**Speaker**: Guy Van den Broeck, UCLA, USA

**Title**: Open-World Probabilistic Databases

**Date**: 21st September

**Abstract**: Large-scale probabilistic knowledge bases are becoming increasingly important in academia and industry alike. They are constantly extended with new data, powered by modern information extraction tools that associate probabilities with database tuples. In this paper, we revisit the semantics underlying such systems. In particular, the closed-world assumption of probabilistic databases, that facts not in the database have probability zero, clearly conflicts with their everyday use.

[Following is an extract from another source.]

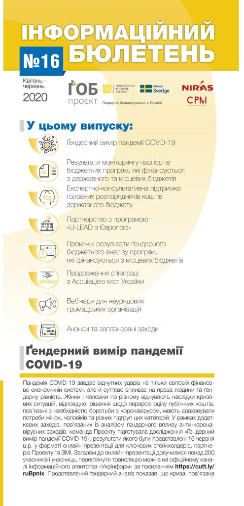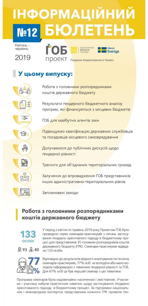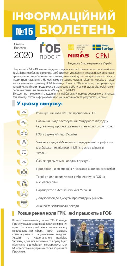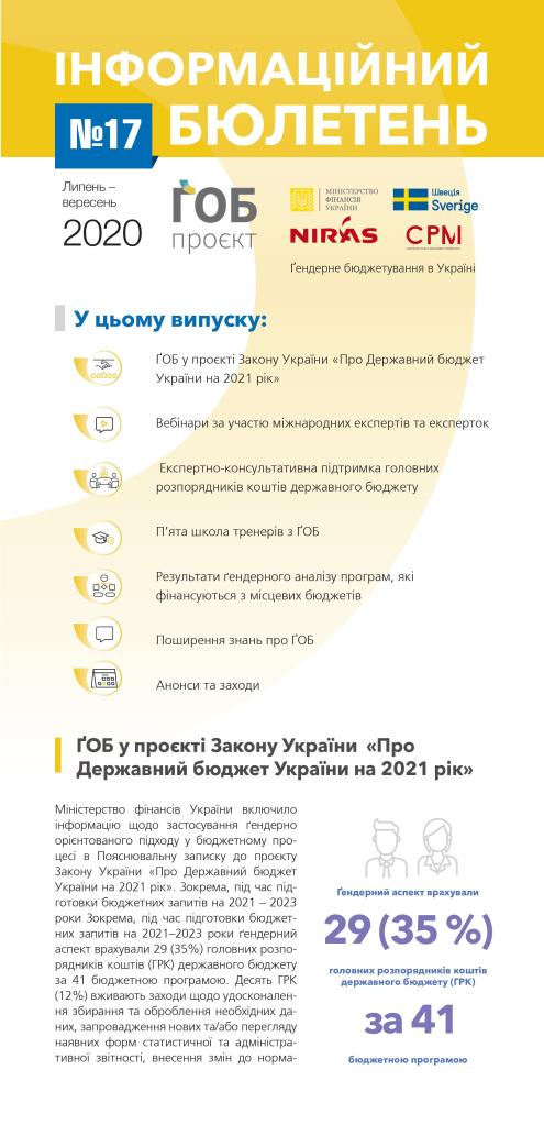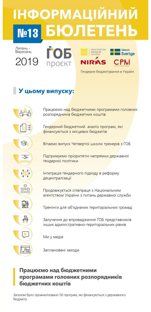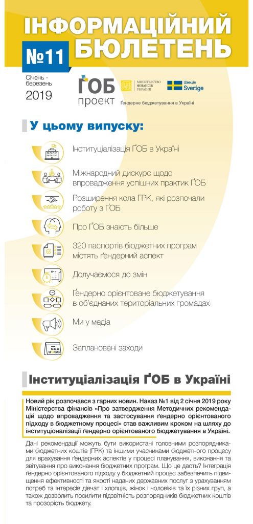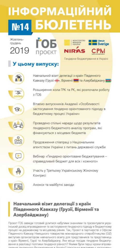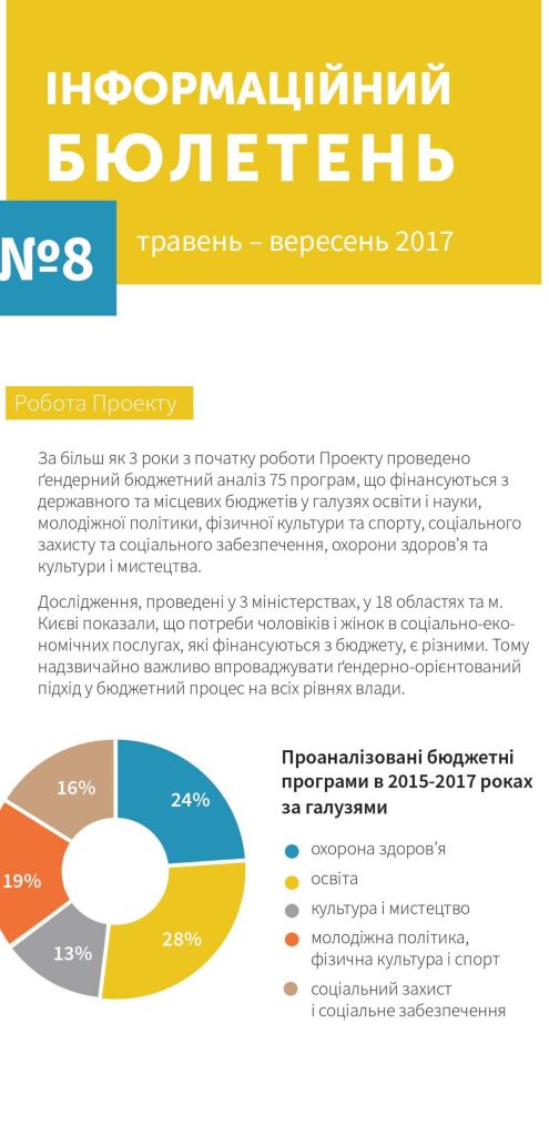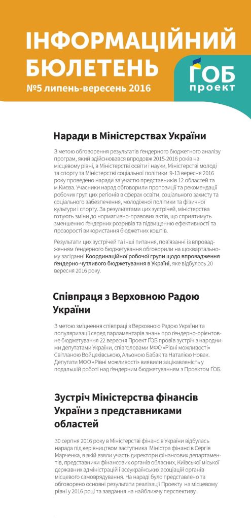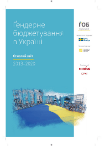 Публікації/Publications Гендерне бюджетування в Україні. (Стислий звіт 2013-2020) The Summary Report (2013 — 2020) Gender responsive budgeting project in Ukraine: Results and Reflections Порадник щодо застосування гендерно-орієнтованого підходу в окремих галузях Гендерно орієнтований підхід у бюджетному процесі (практичний посібник) Застосування гендерно орієнтованого підходу в бюджетному процесі Основи гендерно орієнтованого бюджетування (методичні рекомендації до дисципліни) Оцінювання держаних видатків та фінансової підзвітності (ДВФП) в Україні 2019 р Ґендерний вимір пандемії_COVID-19 Gender dimension of the COVID-19 pandemic Сучасні тенденції розвитку і практики гендерно-орієнтованого бюджетування Current trends of development and practices of the genderresponsive budgeting at the global, European and national levels Впровадження гендерно орієнтованого підходу у бюджетному процесі Проблеми гендерної рівності у галузі охорони здоров»я Gender Equality in the Health Care Sector Проблеми гендерної рівності в галузі культури та мистецтва Gender equality issues in the culture and art sector Проблеми гендерної рівності у галузі фізичної культури та спорту Gender Equality in the Physical Training and Sport Sector Проблеми гендерної рівності у галузі освіти Gender Equality in the Education Sector Ґендерний бюджетний аналіз програм/Gender Budget Analysis Гендерно-орієнтоване бюджетування: аналіз програм, які фінансуютьсяз бюджету,зпозиціїгендерної рівності Manual Gender Responsive Budgeting Гендерний бюджетний аналіз програм, які фінансуються з державного та місцевих бюджетів Gender budget analysis_2016 Гендерний бюджетний аналіз програм Пілотних областей та галузевих міністерств Gender budget analysis_2015 Інформаційні бюлетені Інформаційний бюлетень № 17 (липень/вересень 2020р.) inform lefleat 17-en Інформаційний бюлетень № 16 (квітень/червень 2020р.) Інформаційний бюлетень № 15 (січень/березень 2020р.) inform lefleat 15-en Інформаційний бюлетень № 14 (жовтень/грудень 2019р.) inform lefleat 14-en Інформаційний бюлетень № 13 (липень/вересень 2019р.) inform lefleat 13-en Інформаційний бюлетень № 12 (квітень/червень 2019р.) inform lefleat 12-en Інформаційний бюлетень № 11 (січень/березень 2019р.) inform lefleat 11-en Інформаційний бюлетень № 8(травень/вересень 2017р.) Інформаційний бюлетень № 7 (лютий/квітень 2017р.) Інформаційний бюлетень № 6 (жовтень/січень 2017р.) Інформаційний бюлетень № 5 (липень/вересень 2016р.) Гендерно орієнтоване бюджетування Про впровадження ґендерно-орієнтованого бюджетування на місцевому рівні в Україні

To fix this discrepancy, we propose an open-world probabilistic databases semantics, which relaxes the probability of open facts to intervals. While still assuming a finite domain, this semantics can provide meaningful answers when some probabilities are not precisely known. For this open-world setting, we propose an efficient evaluation algorithm for unions of conjunctive queries. Our open-world algorithm incurs no overhead compared to closed-world reasoning and runs in time linear in the database size for tractable queries. All other queries are #P-hard, implying a data complexity dichotomy between linear time and #P. For queries involving negation, however, open-world reasoning can become NP-, or even NP^PP-complete. Finally, we discuss limitations and additional knowledge-representation layers that can further strengthen open-world reasoning about big uncertain data.

**Speaker:**Jonathan Lawry, University of Bristol, UK

**Title:**Blurred Boundaries, Borderline Cases and the Utility of Vagueness

**Date**: 22nd September

**Abstract**: Vagueness is ubiquitous in natural language, but it is unclear exactly what role it plays in communication. In this talk I will consider possible ways in which vagueness can be useful, not only in natural language, but also as an integral part of formal knowledge representation in artificial intelligence. Vagueness is a multifaceted phenomenon and different aspects are likely to be useful in different ways. I will specifically consider the utility of blurred boundaries where there is uncertainty about the exact location of the boundary between a category and its complement, and of borderline cases which neither belong absolutely to a category nor to its complement. I will describe an integrated approach to modelling both blurred boundaries and borderline cases based on a combination of probability and three-valued logic. I will briefly outline the properties of this model and then use it to explore how vagueness can be useful in the areas of natural language generation, consensus building in multi-agent systems, distributed decision making, and signal aggregation in multi-sender channels.

**EurAI (formerly ECCAI) Talk**

**Speaker**: Eyke Hüllermeier, Universität Paderborn, Germany

**Title**: Large-scale machine learning: Sparse probability estimation for extreme classification

**Date**: 23rd September

**Abstract**: Machine learning is nowadays applied to massive data sets of considerable size, including potentially unbounded streams of data. Under such conditions, the scalability of learning algorithms is of major concern, calling for an effective data management and the use of appropriate data structures for time- and space-efficient implementations. Starting with a brief introduction to large-scale machine learning and the discussion of some general issues in this field, the talk will focus on the problem of extreme multi-label classification, i.e., multi-label classification with extremely large label spaces. In this context, the choice of appropriate loss functions is specifically important, because loss functions commonly used in standard classification are no longer meaningful. Here, a motivation is given for the so-called F-measure, and a learning algorithm tailored for maximizing performance in terms of this measure is proposed. A key feature of this algorithm is the use of sparse probability estimates of labels given instances, that is, probability estimates restricted to the most probable labels. Thanks to this approach, the algorithm is applicable to problems with extremely many labels.